A regarder le film, on imagine pourtant un conflit d'intérêt entre d'un côté les producteurs de Walt Disney, qui ont manifestement exigé que Verbinski signe un nouveau film d'attraction, un Pirates des Caraïbes bis au farwest, avec son lot de gags à tiroirs bon enfant et de scènes d'action rocambolesques menées par un Johnny Depp grand guignol et cabotin condamné à jouer les Jack Sparow encore un long moment, et de l'autre côté le cinéaste, désireux de s'inscrire dans le genre du western et de le marquer de son empreinte, en signant ce qu'on nous a vendu comme un condensé de tous les films du genre (on s'en tape encore les cuisses), citant sans vergogne Il était une fois dans l'ouest, Le Bon, la brute et le truand ou La Prisonnière du désert, et présentant un certain nombre de scènes violentes baignées par une photographie très sombre et très stylisée. Le film a donc le cul entre deux chaises, et on passe d'une scène où les deux héros tombent d'un train qui déraille à pleine vitesse dans un déluge d'effets spéciaux monstrueux pour se retrouver assis en tailleur avec la banane au milieu des débris, comme dans un cartoon à la con (là où il ne devrait rester d'eux qu'une vague trainée de boyaux même pas identifiable par le FBI), à une autre scène où le méchant du film, reconnaissable à ses cicatrices faciales et à son air mauvais, taille les oreilles au frère du héros, lui fait un sourire mexicain, le viole, lui fait un enfant puis l'étripe. De là, on revient comme si de rien n'était à une nouvelle séquence s'adressant aux nouveaux nés où Johnny Depp, aka Tonto, dialogue avec son cheval comme s'il s'agissait de Petit Tonnerre de Brest dans Yakari. Ce mélange ne prend pas.

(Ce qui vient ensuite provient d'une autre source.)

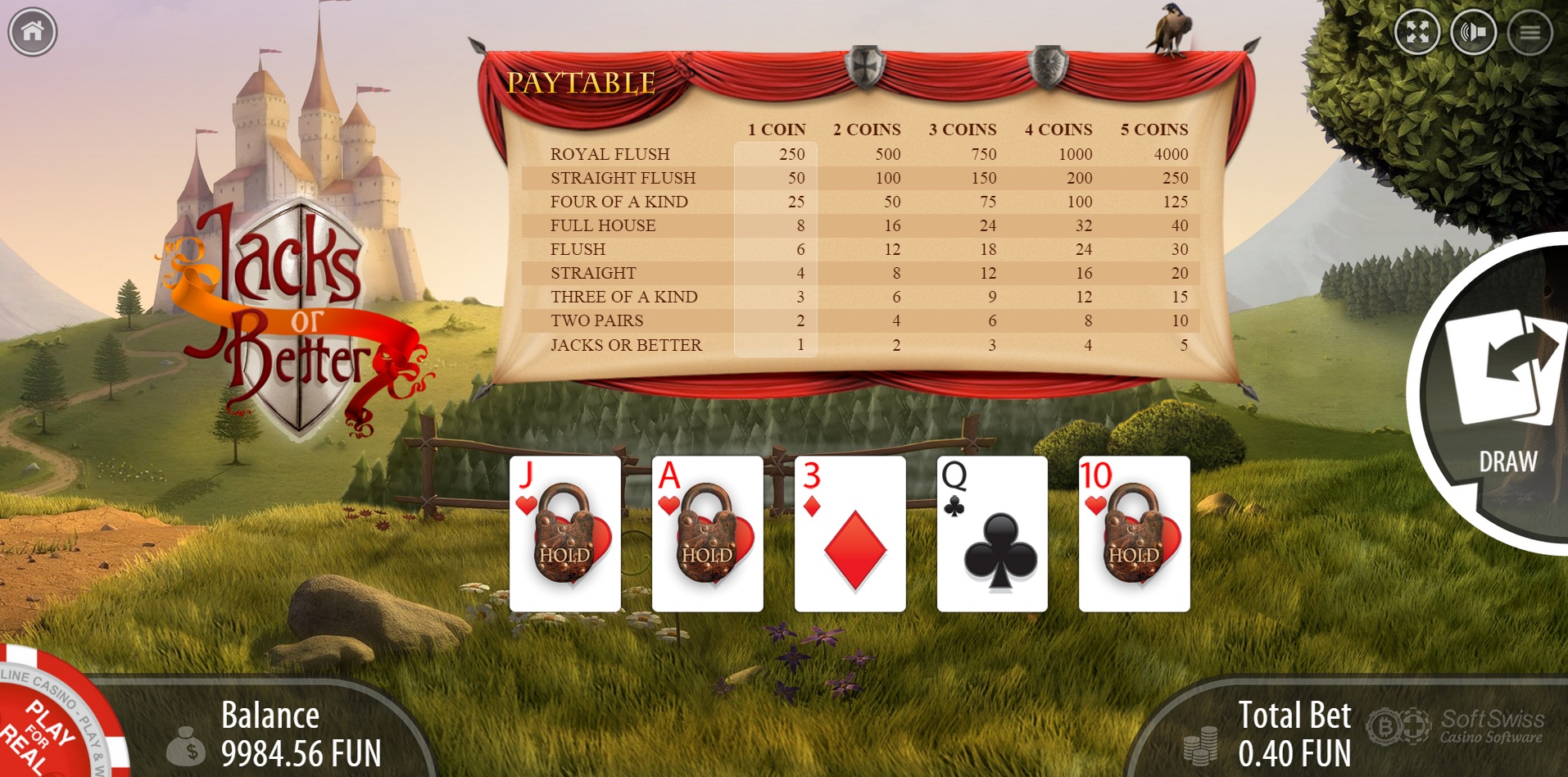 जहां तक मुझे पता है, बीगेमिंग द्वारा एकमात्र वीडियो पोकर गेम 8-6 जैक या बेहतर है, जिसमें इष्टतम रणनीति मानते हुए 98.39% का रिटर्न मिलता है।

Au crédit de Gore Verbinski - et pour prouver notre grandeur d'âme face à un homme qu'on aurait tout de même envie d'éjecter d'un train - il faut reconnaître que le réalisateur a tenté de donner une certaine ampleur à son récit en le dotant d'un schéma narratif pas totalement dégueulasse fait d'allées et venues entre le farwest et le San Francisco des années 30, où un gamin visite un musée dédié à la conquête de l'ouest et, après être passé devant des reconstitutions de grizzlis, de bisons, de rhinos et de dinos, se retrouve nez à nez avec la statue de cire d'un "bon sauvage", qui tout à coup prend vie et se met à lui raconter son histoire. Il s'agit de Johnny Depp grimé en vieil indien, tel Dustin Hoffman dans Little Big Man. Cette introduction nous charmerait presque. D'autant que tous les retours au présent dans le musée sont autant de respirations dans le défilé à la fois exténuant et mal rythmé des aventures de Tonto Scefo et de son copain Ranger. Car le film, en dehors de ça, a tout d'un jeu vidéo effréné et exténuant, surtout dans la dernière scène, festival pyrotechnique où deux trains fous foncent à toute berzingue côte à côte pendant vingt minutes (on se demande pourquoi les ouvriers du chemin de fer naissant se sont à ce point emmerdés à construire deux voies parallèles à dix pas l'une de l'autre sur des kilomètres de distance...), tandis que le Lone Ranger, monté sur son canasson blanc, galope sur le toit des wagons tel Schwarzy dans True Lies, et que Johnny Depp, sorte de Buster Keaton indien (pour lui faire un énorme compliment qu'il ne méritera jamais) passe d'un train à l'autre (les deux machines étant, rappelons-le, lancées à toute allure à flanc de montagnes) en empruntant une immense échelle... Ne cherchez pas.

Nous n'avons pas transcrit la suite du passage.